STORED DATA:
-.-.-

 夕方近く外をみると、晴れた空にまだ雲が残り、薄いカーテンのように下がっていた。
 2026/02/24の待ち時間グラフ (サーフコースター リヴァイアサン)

-.-.-

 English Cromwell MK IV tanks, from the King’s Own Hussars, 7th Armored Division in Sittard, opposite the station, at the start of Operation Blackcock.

-.-.-

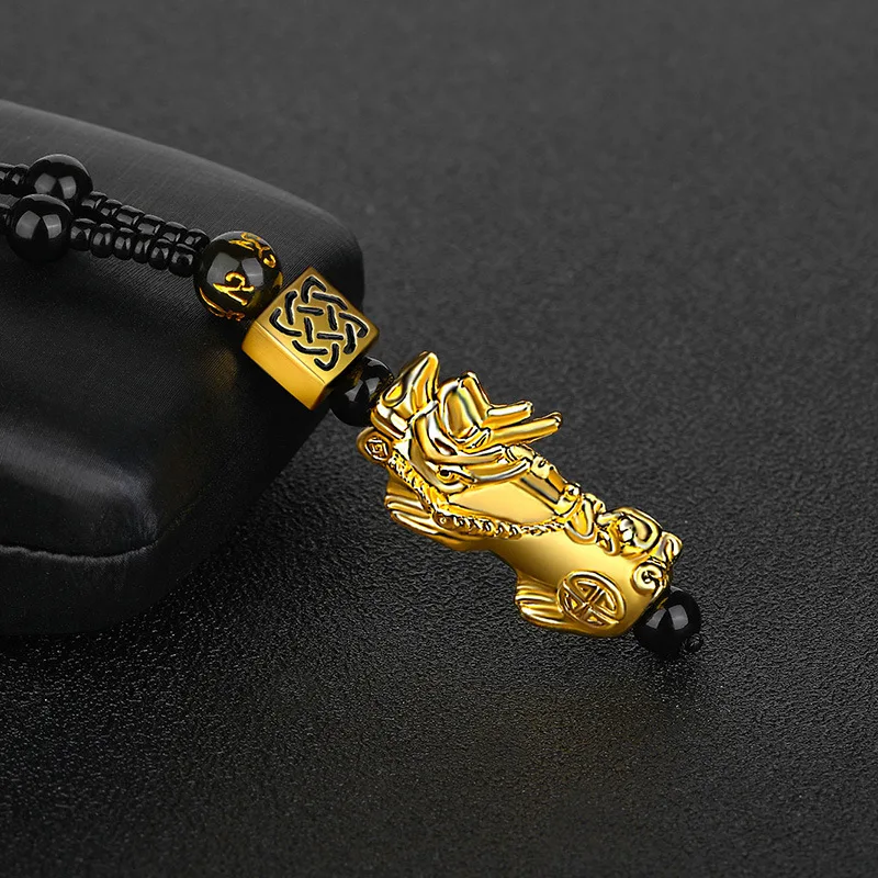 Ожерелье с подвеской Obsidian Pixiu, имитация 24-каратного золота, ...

-.-.-

TASK GOAL: Exactly the lines above from the one with "夕方近く外をみると、晴れた空にまだ雲が残り、薄いカーテンのように下がっていた。" to the one with "2026/02/24の待ち時間グラフ (サーフコースター リヴァイアサン)", both included, are to be quoted; leave the rest out.

RESULT OF THIS TASK:
 夕方近く外をみると、晴れた空にまだ雲が残り、薄いカーテンのように下がっていた。
 2026/02/24の待ち時間グラフ (サーフコースター リヴァイアサン)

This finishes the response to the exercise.